Malerisches Lauterbrunnen von Touristenmassen überfüllt – Airbnb-Anteil so hoch wie nirgends sonst

Südöstlich von Bern, noch südlich vom Thunersee, am Jungfraujoch, liegt der kleine Ort Lautenbrunnen, der eine Statistik anführt, auf die viele Einheimische wütend sind. Direkt in der Nähe liegt auch Wengen, das als Station des Ski-Alpin-Weltcups bekannt ist. Der Schweizer Tages-Anzeiger hat nun eine Auswertung abgedruckt, wie die Wohnungsnot im Land aussieht. „Mitschuldig für die Krise gelten Online-Plattformen wie Airbnb“, schreibt die Zeitung. Und da kommt Lauterbrunnen wieder ins Spiel.

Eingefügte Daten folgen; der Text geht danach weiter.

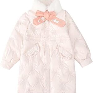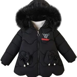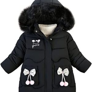 LCIGIA Winterjas voor meisjes, kinderen, winterjas met strik, verdikte jas met bontcapuchon, winddichte gewatteerde jas met lange mouwen, kinderjas met borduurwerk
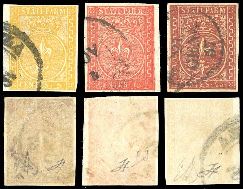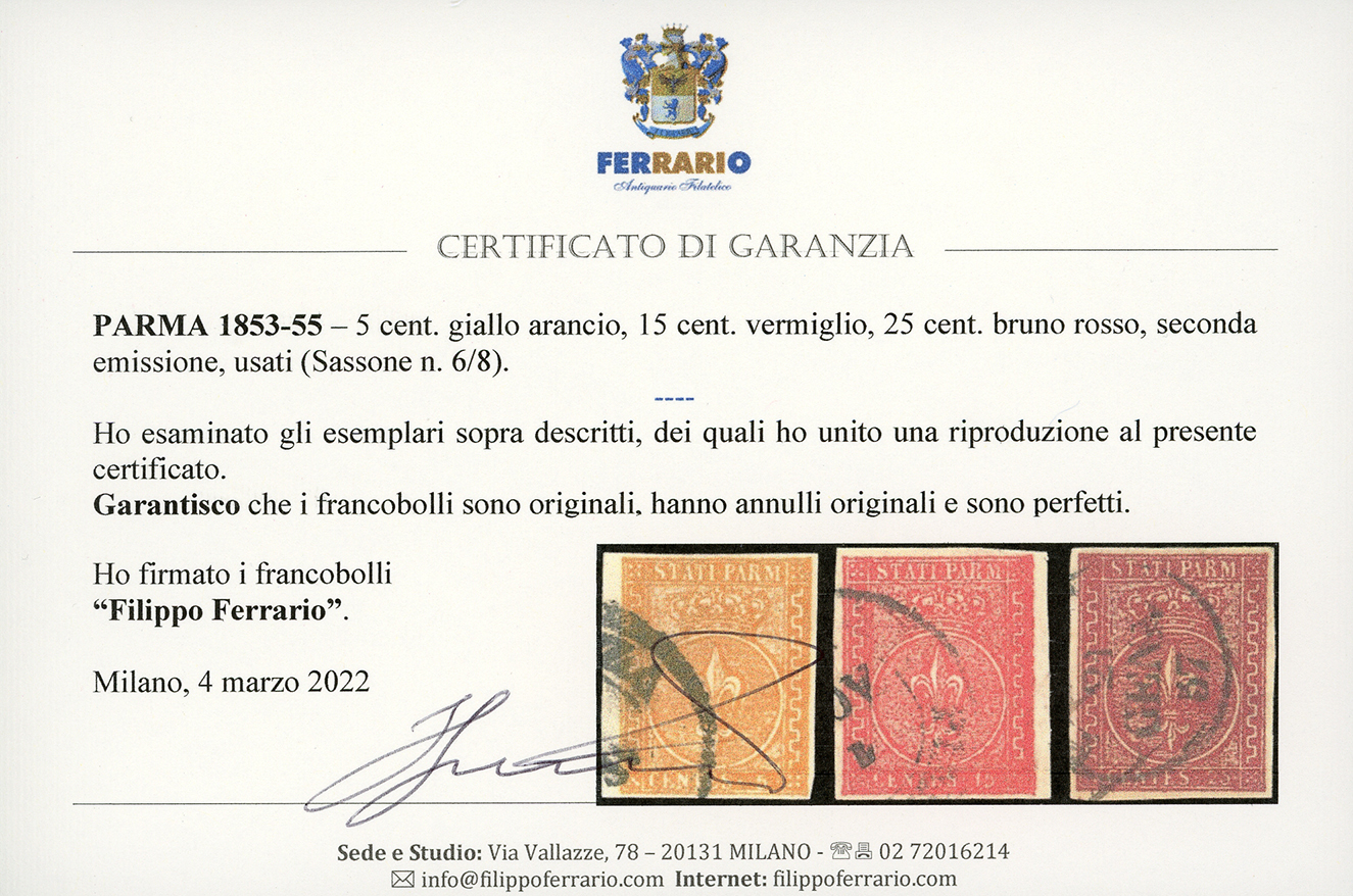1853/55 - Seconda emissione (6/8), usati, perfetti. Belli, Em.Diena, cert. Ferrario.

Eine Statistik zeigt, wie groß der Anteil solcher Unterkünfte im Verhältnis zum Gesamtwohnungsbestand ist. Auf Platz eins rangiert Lauterbrunnen mit 23,3 Prozent durchschnittlichem Airbnb-Anteil im Jahr 2024. Wie der Tages-Anzeiger schreibt, ist „jede vierte Wohnung 2024 in Lauterbrunnen auf Airbnb zu finden.“ Und das Portal zitiert sogar den Gemeindepräsidenten Karl Näpflin, der meint, dass durch Booking oder E-Domizil die Ziffer noch höher sei. Über 2300 Menschen leben in dem kleinen Ort.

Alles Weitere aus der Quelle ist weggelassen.